A neodymium magnet (also known as NdFeB, NIB or Neo magnet) is the most widely used type of rare-earth magnet. It is a permanent magnet made from an alloy of neodymium, iron, and boron to form the Nd2Fe14B tetragonal crystalline structure. Developed independently in 1984 by General Motors and Sumitomo Special Metals, neodymium magnets are the strongest type of permanent magnet available commercially. Because of different manufacturing processes, they are divided into two subcategories, namely sintered NdFeB magnets and bonded NdFeB magnets. They have replaced other types of magnets in many applications in modern products that require strong permanent magnets, such as electric motors in cordless tools, hard disk drives and magnetic fasteners.
- 1 History
- 2 Composition
- 3 Properties
- 4 Corrosion problems
- 5 Temperature effects
- 6 Hazards
- 7 Production
- 8 Applications
- 9 See also
- 10 References
- 11 Further reading
- 12 External links
General Motors (GM) and Sumitomo Special Metals independently discovered the Nd2Fe14B compound almost simultaneously in 1984. The research was initially driven by the high raw materials cost of SmCo permanent magnets, which had been developed earlier. GM focused on the development of melt-spun nanocrystalline Nd2Fe14B magnets, while Sumitomo developed full-density sintered Nd2Fe14B magnets. GM commercialized its inventions of isotropic Neo powder, bonded neo magnets, and the related production processes by founding Magnequench in 1986 (Magnequench has since become part of Neo Materials Technology, Inc., which later merged into Molycorp). The company supplied melt-spun Nd2Fe14B powder to bonded magnet manufacturers. The Sumitomo facility became part of the Hitachi Corporation, and has manufactured but also licensed other companies to produce sintered Nd2Fe14B magnets. Hitachi has held more than 600 patents covering neodymium magnets.

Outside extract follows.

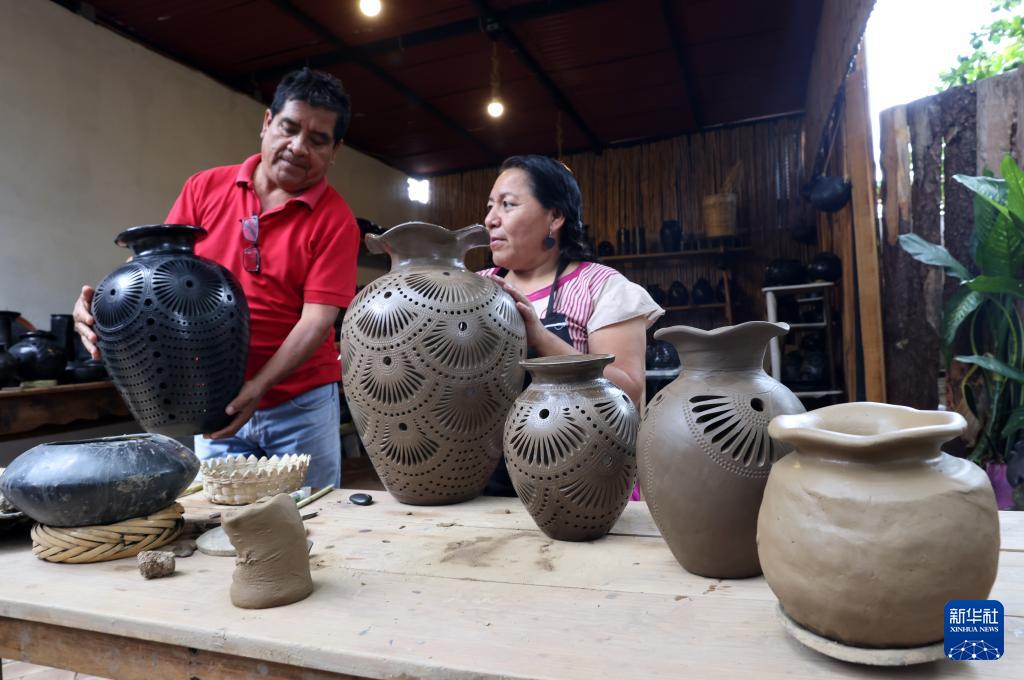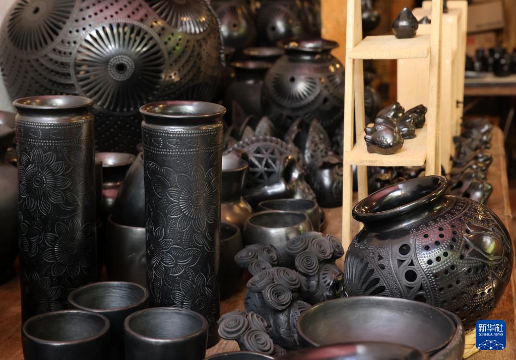 9月14日,在墨西哥瓦哈卡州的圣巴托洛科約特佩克市,黑陶手工藝者展示不同步驟下的黑陶制品。

Chinese manufacturers have become a dominant force in neodymium magnet production, based on their control of much of the world's sources of rare earth mines.
The United States Department of Energy has identified a need to find substitutes for rare earth metals in permanent magnet technology and has funded such research. The Advanced Research Projects Agency-Energy has sponsored a Rare Earth Alternatives in Critical Technologies (REACT) program, to develop alternative materials. In 2011, ARPA-E awarded 31.6 million dollars to fund Rare-Earth Substitute projects. Because of its role in permanent magnets used for wind turbines, it has been argued that neodymium will be one of the main objects of geopolitical competition in a world running on renewable energy. But this perspective has been criticised for failing to recognise that most wind turbines do not use permanent magnets and for underestimating the power of economic incentives for expanded production.
Neodymium is a metal which is ferromagnetic (more specifically it shows antiferromagnetic properties), meaning that like iron it can be magnetized to become a magnet, but its Curie temperature (the temperature above which its ferromagnetism disappears) is 19 K (−254.2 °C; −425.5 °F), so in pure form its magnetism only appears at extremely low temperatures. However, compounds of neodymium with transition metals such as iron can have Curie temperatures well above room temperature, and these are used to make neodymium magnets.
The strength of neodymium magnets is the result of several factors. The most important is that the tetragonal Nd2Fe14B crystal structure has exceptionally high uniaxial magnetocrystalline anisotropy (HA ≈ 7 T – magnetic field strength H in units of A/m versus magnetic moment in A·m2). This means a crystal of the material preferentially magnetizes along a specific crystal axis but is very difficult to magnetize in other directions. Like other magnets, the neodymium magnet alloy is composed of microcrystalline grains which are aligned in a powerful magnetic field during manufacture so their magnetic axes all point in the same direction. The resistance of the crystal lattice to turning its direction of magnetization gives the compound a very high coercivity, or resistance to being demagnetized.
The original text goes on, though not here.